Reign of Fire I'm wondering, why, if civilization has been destroyed, do they have electricity and fuel? Not supposed to ask such questions. They're like, how come everybody has cigarettes in "Waterworld"? Van Zan figures out that the dragon's fire comes from the way they secrete the ingredients for "natural napalm" in their mouths. His plan: Get real close and fire an explosive arrow into their open mouth at the crucial moment, causing the napalm to blow up the dragon.
He has another bright idea. (Spoiler warning.) All of the dragons they see are females. Many of them carry eggs. Why no males? Because, Van Zan hypothesizes, the dragons are like fish, and it only takes a single male to fertilize umpteen eggs. "We kill the male, we kill the species," he says.
Yeah, but ... there are dragons everywhere. Do they only have one male, total, singular? How about those eggs? Any of them male? And also, after the male is dead, presumably all of the females are still alive, and they must be mad as hell now that they're not getting any action. How come they stop attacking? I know I have probably been inattentive, and that some of these points are solved with elegant precision in the screenplay. But please do not write to explain, unless you can answer me this: Why are the last words in the movie, "Thank God for evolution"? Could it be a ray of hope that the offspring of this movie may someday crawl up onto the land and develop a two-celled brain?

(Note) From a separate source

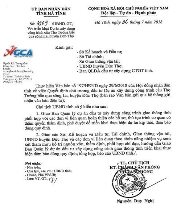 Văn bản triển khai Dự án xây dựng cầu Thọ Tường của UBND tỉnh Hà Tĩnh (ảnh tư liệu)
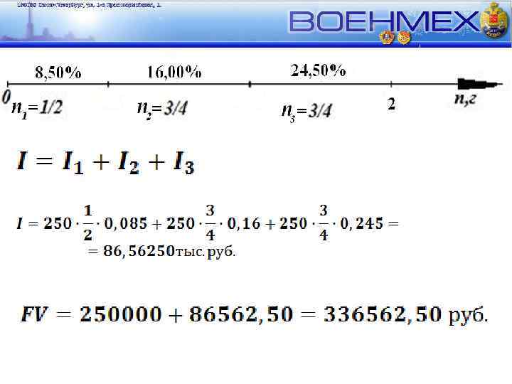 Некоторый коммерческий банк предлагает своим клиентам кредиты по простой переменной ставке: первоначальная ставка равна ставке рефинансирования РФ, через полгода ставка увеличивается на 7, 5%, еще через 3 квартала ставка увеличивается еще на 8, 5%. Какой будет сумма к погашению, если величина кредита 250. 000 руб. и кредит взят 20 марта 2010 г. на 2 года? Дано: Решение tнач: 20. 03. 10 PV= 250 тыс. руб. База = 8, 50% n 1= 1/2 г, r 1 = 8, 50% n 2= 3/4 г, r 2 = 16, 00% n 3= 3/4 г, r 3 =24, 50% Найти: FV 8, 5% 0 16, 0% 1/2 24, 5% 5/4 2 n, г 1. Так как проценты начислялись простые, то каждый временной период проценты будут начисляться на одну и туже величину – величину вложенного капитала – 250 000 руб. 2. Два года кредитной операции разбили на интервалы постоянства ставки. 3. Определим начисленные проценты за 2 года.

Reindeer Games “Reindeer Games” is the first All Talking Killer picture. After the setup, it consists mostly of characters explaining their actions to one another. I wish I'd had a stopwatch, to clock how many minutes are spent while one character holds a gun to another character's head and gabs. Charlize Theron and Gary Sinise between them explain so much they reminded me of Gertrude Stein's line about Ezra Pound: "He was a village explainer, excellent if you were a village, but if you were not, not." Just a nudge, and the movie would fall over into self-parody, and maybe work better. But I fear it is essentially serious, or as serious as such goofiness can be.
Resident Evil Alice/J.P./M.T. or Rain (I forget which): "It's coagulating!" Matt or Spence (I forget which): "That's not possible!" "Why not?!?" "Because blood doesn't do that until you're dead!" How does the blood on the floor know if you're dead? The answer to this question is so obvious I am surprised you would ask. Because it is zombie blood.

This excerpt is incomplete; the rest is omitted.